2010, 2012 ve 2017 ise ilk dokuz ay itibarıyla yabancı girişinde 10 milyar dolar sınırının aşıldığı yıllar olarak dikkat çekiyor.

Harekat nasıl etkiler?

Türkiye önceki gün sınır ötesinde önemli bir askeri harekat başlattı. Ne yazık ki uluslararası platformda hiç desteğimiz yok. ABD Başkanı açık açık tehdit savuruyor, ekonomimizi mahvetmekten söz ediyor. Bu tehdit bile tek başına döviz kurunun hızlı bir tırmanış göstermesine yol açtı. Zaten kırılgan olan ekonomi, şimdi daha bir bıçak sırtı dengeye geldi.

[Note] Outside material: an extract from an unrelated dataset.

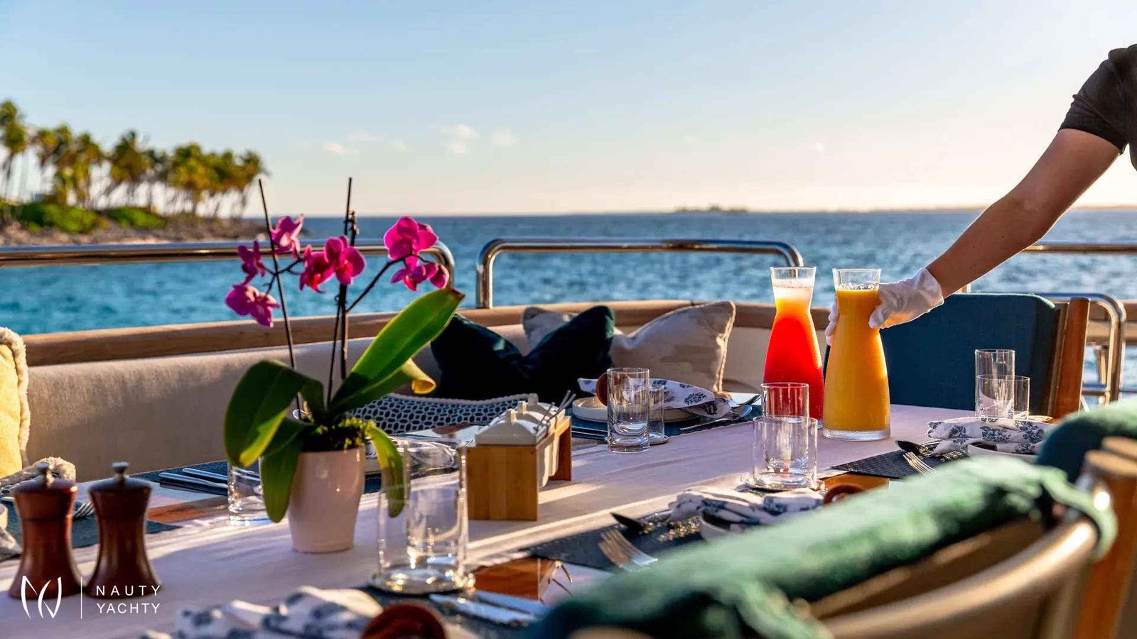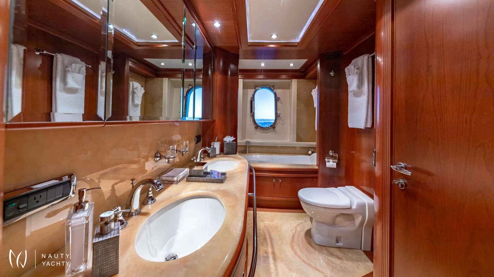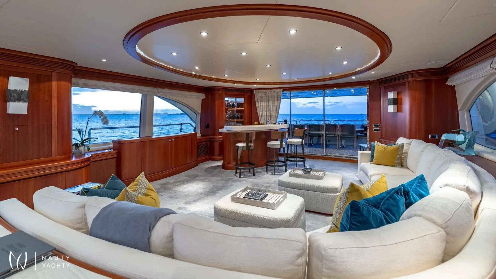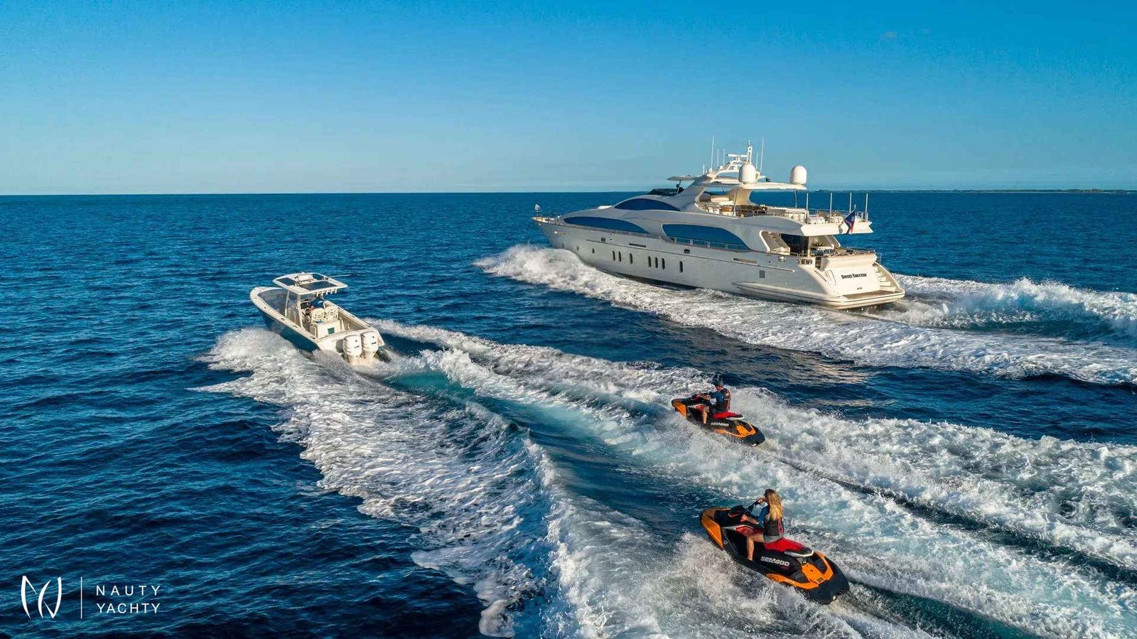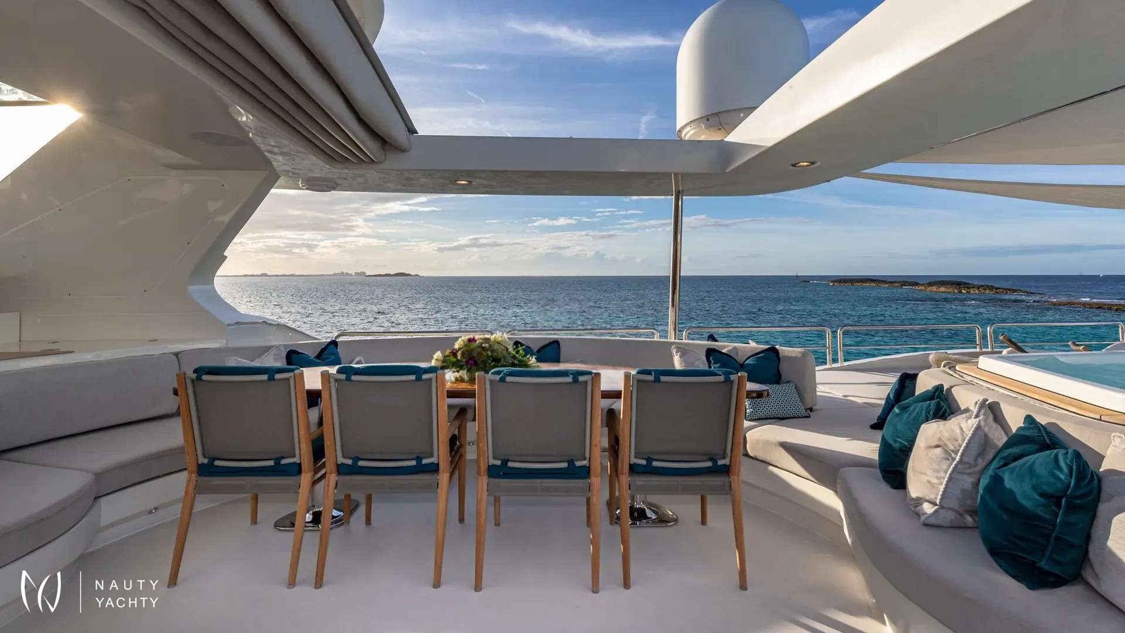 SWEET EMOCEAN completed an extensive $3.5 million refit in 2020, that’s guaranteed to upgrade her yachting experience. Her interior and exterior refit highlights include new mosaic tiles, new bar, ensuite bath renovations, full AV and IT systems upgrade, fine linens, and plush carpet. There’s also an added beach club with all new toys, 30’ tow tender, and sea bobs. SWEET EMOCEAN is bound to turn heads.She accommodates 10 guests in 5 luxurious ensuite staterooms — 2 of which are twins that can convert into queens, making her the perfect boat for 5 couples or a family. SWEET EMOCEAN’S large flybridge has a retractable roof so you can comfortably enjoy soaking up the sun or reading a book in the shade.Her crew is fun and professional and offer refined formal service. The chef makes a lobster ravioli that rivals a five-star restaurant. SWEET EMOCEAN is chartering in some of the most beautiful locations in the world, including The Bahamas and other tropical islands in the Caribbean. She’s ready to help you relax on your next ocean getaway.

Bu harekat henüz döviz kuru dışında önemli bir ekonomik göstergeye yansımış değil. Etkileri daha sonra göreceğiz.

En başta gelen etki ne mi olabilir? Faizlerin yeniden yükseldiğini görebiliriz. Bunu gerektirecek en temel etken yabancı yatırımcı çekme ihtiyacımız olacaktır. Çünkü yabancının Türkiye'ye gelmek için bakacağı en önemli göstergelerden biri de faizin düzeyidir.

Yabancı bir yatırımcı Türkiye’ye gelip tahvil bono satın almak isterse zaten temelde iki göstergeye bakar.

Bir, getirdiği örneğin 1.000 dolarının kaç TL ettiğine, yani kurun düzeyine.

İki, bu 1.000 dolar karşılığı TL ile satın alacağı tahvil bononun faizine.

Yabancı yatırımcılar eğer kuru yeterince yüksek görüyorlarsa ve faizi de yüksek buluyorlarsa işte o zaman gelirler.

Şimdi bu konularda bizim durumumuz ne?

Kurun yüksek olup olmadığını söyleyebilmek için düzeyin ne olması gerektiğini bilmek, bir tahmin yapmak gerekir. Oysa kurun olması gereken düzey diye bir kavram var mıdır, emin değiliz. Dolayısıyla kur konusu yabancının algısına bağlı sayılır. Kimi dolar için söylersek 5.80’i yeterli görür, kimi 6’yı bekler, kimi daha yükseğini.

Peki kurun düzeyi yeterli görülse bu faize razı olunur mu? Pek sanmıyoruz. Çünkü faizde kıyaslama yapılabilecek baz oran çok. Daha şunun şurasında birkaç ay önce faizler çok daha yüksekti. Dolayısıyla bu faizden yatırım yapmak çoğu yabancının işine gelmez.

Hep anlatıyoruz ya, alırken kazanmak gerekir, diye; yabancı da yüksek faizden, yani düşük fiyattan almak ister. İkinci el tahvil bono piyasasında yüzde 13-14’lere inmiş faizin artık çok daha fazla gerilemesi beklenmediğine göre ve daha da önemlisi böylesine bir askeri harekat sürecinde faizde artış yaşanması ihtimali ağır bastığına göre yabancı yatırımcı bir süre beklemeyi tercih edecek gibi görünmektedir.

Yabancılar alıma dönebilir

Özetlersek, yatırımcı şimdi bu iki göstergeyi kollayacaktır. Kurun ve faizin yükselmesini. Bunlar gerçekleştiği takdirde yabancı yatırımcı Türkiye sınır ötesine önemli bir askeri harekat yapıyormuş, bölgede stres yüksekmiş, hiç bakmayacak ve Türk menkul kıymetlerine yine yatırım yapacaktır.

Ancak kur ve faizin belli bir düzeye gelmesi tek başına yeterli olmayacaktır. Kur ve faizin artık daha fazla yükselmeyeceği kanısının da yerleşmesi gerekecektir.